Dh and I also voted absentee ballot. I can tell you one thing I will be real glad when it's over and we dont have to suffer through anymore politcal ads on TV.


----------



## lyndalou (Nov 4, 2008)

We live in Florida, too. Took advantage of early voting on the 20th.


----------



## quicksilver (Nov 4, 2008)

P.S. *NO *disrespect on my part for any members from other countries. Please believe me. I just feel I live in the best of all worlds. But we do have our problems, too. And I've only visited 2 other countries.


----------



## homecook (Nov 4, 2008)

I just got back from voting. Dh, ds and I went at 6:30 am and the line was outrageous! We came back home and went back at 8:30. We were done by 9:30. It wasn't too bad. 
I was just surprised how many people didn't know where their polling place was. There were quite a few that were told there polling place was somewhere else. Wouldn't you check that out before going?? Oh well, I did my duty.

Barb


----------



## Barbara (Nov 4, 2008)

jpmcgrew said:


> Dh and I also voted absentee ballot. I can tell you one thing I will be real glad when it's over and we dont have to suffer through anymore politcal ads on TV.


 
We don't get too many of the political ads for President because California will go big for O'Bama so neither candidate spends the money. We do get a lot of ads for local stuff though and I too will be glad to have those over as well as all the signs all over the place - and now it's raining so they will all be a mess. Candidates are supposed to pick up the signs after the election, but sometimes it just doesn't get done.


----------



## Wart (Nov 4, 2008)

Golly, I went in around 10 A.M.,

6 people in line,

was out by 10:30.

I would NOT want to be there at 5 this afternoon.


----------



## roadfix (Nov 4, 2008)

ROUND 1:







My early morning voting attempt with my wife was a major *FAIL* as there was a long line around the building at our local elementary school polling place and we both had to be at work by 9.  We will take time off from work during the middle of the day and try again.  After work is not an option because we close our shops at 9pm.

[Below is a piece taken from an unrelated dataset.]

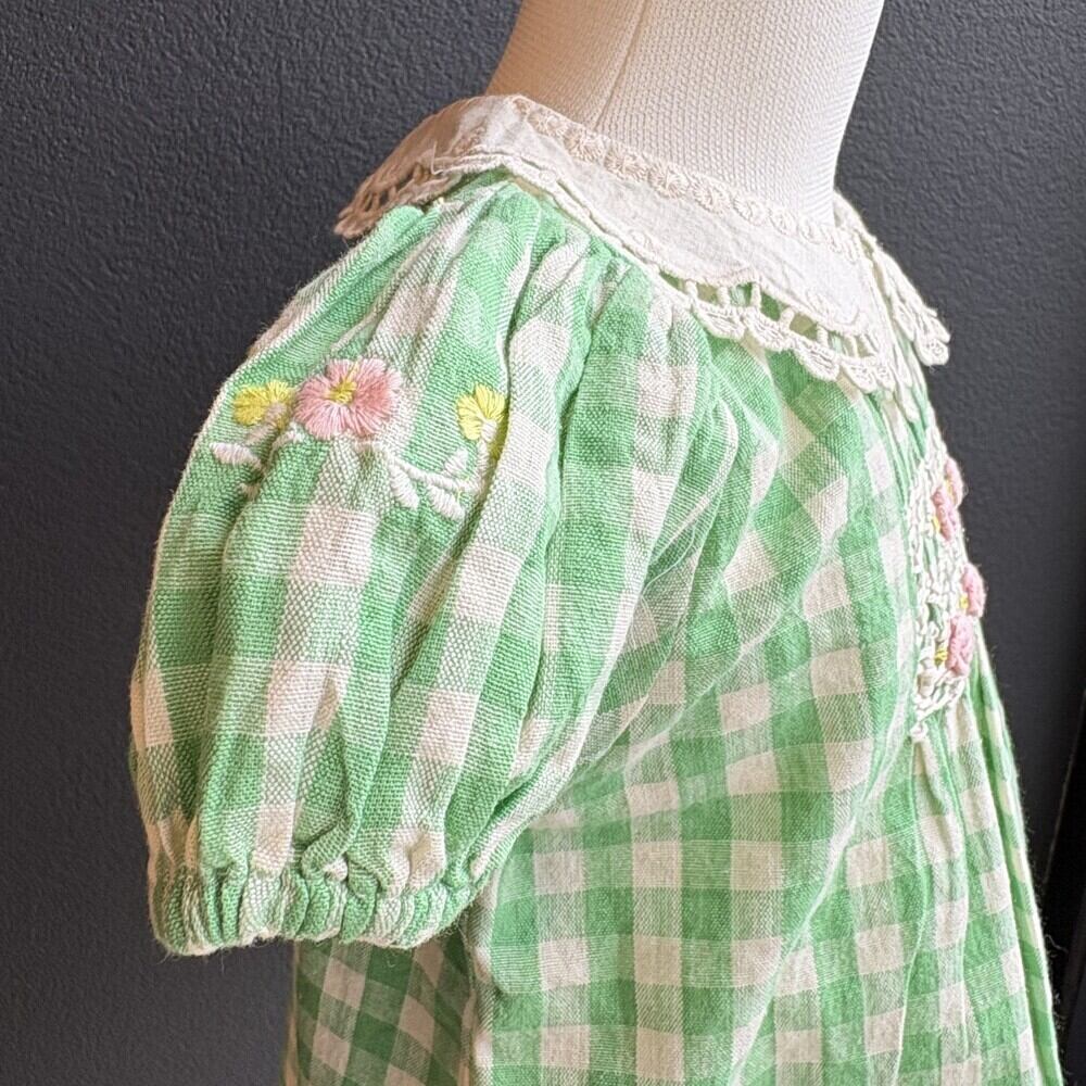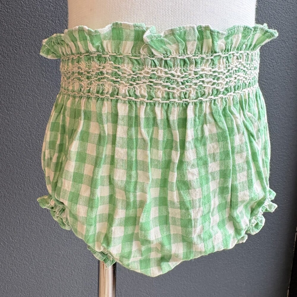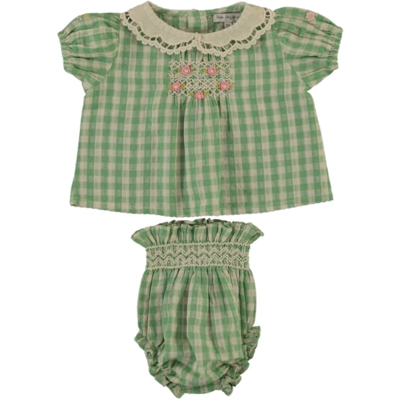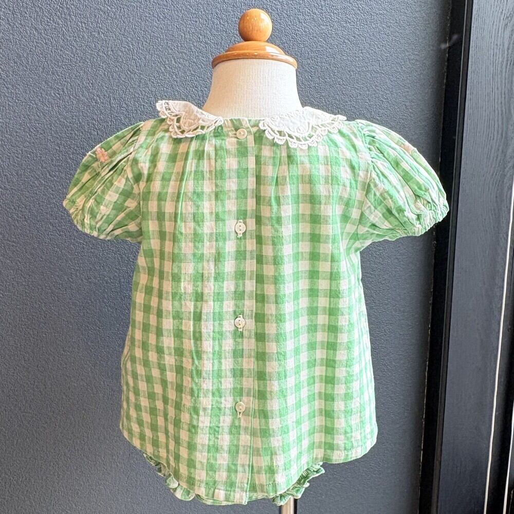 bebeorganic(べべオーガニック)。ヴィンテージ風のグリーンチェックで作られた、柔らかいコットン生地の素敵なティリアベビーセット。パフ半袖にも可愛らしい刺繍が入っています。ゆったりとしシルエットで、衿はレース、胸のスモックキング手刺繍がクラシカルな印象です。セットには、刺繍の施されたバルーンブルマがセットになっています。

This is one reason why I think a major election day should be a national holiday to avoid these scheduling conflicts.  Plus, there will be increase in voter turnout as well.


----------



## Jeekinz (Nov 4, 2008)

I got up (technically I was already awake since 5:30) took a quick shower and had voted by 7:15.  No lines.


----------



## jabbur (Nov 4, 2008)

I went around 11:00 am like I had planned and found no wait at all.  I was done by 11:05 am.  My hubby was up there at 5:30 to set up some signs and he said there were about 100 folks waiting for the place to open and at one point he estimated 250 in line.  One of the polling monitors said that at 11:00 they had counted 1100 votes on the paper ballots and that did not include the electronic ballots. (Here in VA we have 2 options.)  That puts it on track for 80% turnout which is phenomenal for our area.  We usually only hit around 45-50%.


----------



## LadyCook61 (Nov 4, 2008)

I voted ,  no lines at all, only one person was in front of me.


----------



## CharlieD (Nov 4, 2008)

I voted around 9 AM, there was nobody, there, or rather there was no line.


----------



## GB (Nov 4, 2008)

I went on my lunch hour at 1pm. Lots of people there, but no line. I was in and out in 5 minutes.


----------



## suziquzie (Nov 4, 2008)

Walked in, 3 or 4 people in booths, a few hanging out chatting. 
Voted, came out, had a few chunks of fresh rutabega supplied by one of the election officials, came home. 
Boy I love living in the country!!!


----------



## GotGarlic (Nov 4, 2008)

Barbara L said:


> James's driver's license fell apart (turns out they had problems with several around the time he got his), and we got to the DMV *one minute* too late today, so we will have to go do that first, since he will need that to vote.  We will probably vote late afternoon.
> 
> Barbara



Hi, Barbara. You've probably taken care of this already, but FYI, you need ID, but not PHOTO ID in South Carolina: State Requirements for Voter ID


----------



## Fisher's Mom (Nov 4, 2008)

We all went and voted en mass a couple of weeks ago. I had to be at my mom's last week and I wasn't sure I'd be back home in time to vote today. It was awesome when we voted because it was my 18 year old son's first time to vote so the whole family went and voted together and then went out for lunch to celebrate this big rite of passage! I'm so excited and impressed to see how many young, first time voters are turning out to vote.


----------



## In the Kitchen (Nov 4, 2008)

Fisher's Mom said:


> We all went and voted en mass a couple of weeks ago. I had to be at my mom's last week and I wasn't sure I'd be back home in time to vote today. It was awesome when we voted because it was my 18 year old son's first time to vote so the whole family went and voted together and then went out for lunch to celebrate this big rite of passage! I'm so excited and impressed to see how many young, first time voters are turning out to vote.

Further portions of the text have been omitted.